MJust like many drugs it works better for some than for others. One of the reasons it is used only really to treat hypertension in pregnancy is because it causes the least risk to the fetus when compared to other antihypertensives however it is not used very frequently in other situations due to the sideaffects- many of them psychological. Postnatally women are removed from methyldopa due to the fact that it contributes to postnatal depression.

It is interesting that you posted this as I've been on it since the start of my pregnancy and have started to feel a bit "down" as well as anxious over things that seem ridiculous. And wondered if anyone else was feeling like this. I couldn't help but think that its due to the medication as opposed to the pregnancy....I'll talk to hospital on Tues... sorry I've hijacked your post!!

*Most importantly.* Any symptoms such as those you describe should be reported to your MW straight away, just give them a ring and see what they say. It could just be boring old pregnancy but also could be related to the BP. Goodluck!


----------



## scotmum35

i was put on methldopa but i had diarrhea for 5 days so my dr took me off it and i was prescribed adalat lA 20mg then it was upped to 40mg then i was changed to fast release adalat ****** ( its a calcium chanel blocker).these dont seem as effective as amias that i was on before i got my bfp but with blood and fluid vlume increasing i was told that towards the middle of tri 2 my bp should drop again.i spent 5 yrs walking round with seriously high bp ie 190/160 and it hasnt damaged my body in any way.
im trying not to worry about having high bp as its not gonna solve anything and my consultant reasurred me pre-existing high bp rarley causes pre-eclampsia.i do really hate the side effects of the meds tho headaches blocked nose dizzy spells.as soon as i deliver i wanna go bk on my reg meds.


----------



## Dinah93

Thanks for the responses. I have rung the maternity and antenatal unit, but being between Christmas and New Year the only part that is open is the delivery suite. I spoke to a midwife there who didn't really know what to advise me to do, so I'm just resting until tomorrow when I plan to go see the midwife and the doctor/hospital to try to get this sorted out. Dizzyness and pounding headache still very much there. 

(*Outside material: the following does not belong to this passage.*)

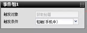 由于获取秘籍的按钮同时触发多个相同的事件,可以直接为该对象添加事件组,触发条件为”轻触“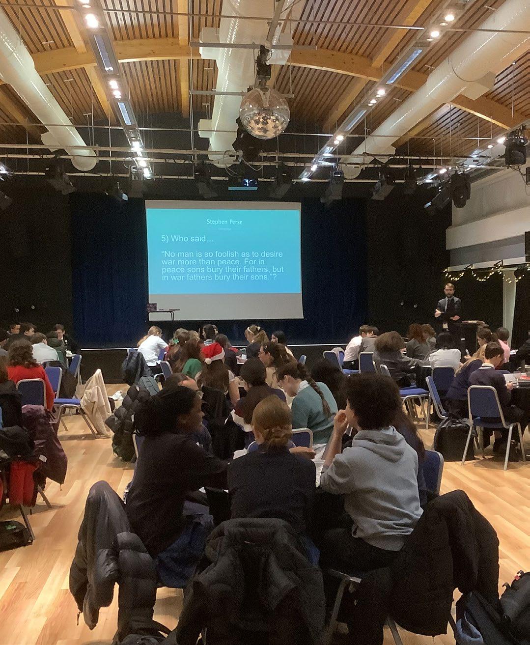 The first quiz we took part in was very jovial, centring around the myths and culture of Rome and Ancient Greece. We were divided into teams of four and were asked questions ranging from the beloved Roman fish sauce to the myth of Arachne. The winning team in this section was Stephen Perse’s Cerberus et Unus, consisting of Molly R, Matilda S, Grace N, and Alec L (Year 11). In the second quiz, the Latinists were tested

I have had some feelings of anxiety and depression shellshocked, but I put it down to pregnancy. I have been feeling like a bit of a failure as a mum tbh already, given I can't even sort out the blood pressure so the baby can grow correctly.


----------



## sophxx

Could you ring nhs direct they usually have access tp a midwife they might be able to get some one to see you or give you done advice. X


----------



## PoodleMommy

So sorry to hear your situation! I was just diagnosed with chronic hypertension as well... my blood pressure at today's midwife appointment was 162/100, when before it had been high (140/90) but not alarmingly high. I was told I absolutely must start taking methyldopa. I've been researching it like crazy this afternoon and am scared to take the first pill -- so afraid of harming my baby in some way!

Did anyone ever get back in touch with you today? Please keep us posted on how things go. I've read that they can also put you on labetalol (possibly together with methyldopa) for greater BP control during pregnancy. 


Dinah93 said:


> I have had some feelings of anxiety and depression shellshocked, but I put it down to pregnancy. I have been feeling like a bit of a failure as a mum tbh already, given I can't even sort out the blood pressure so the baby can grow correctly.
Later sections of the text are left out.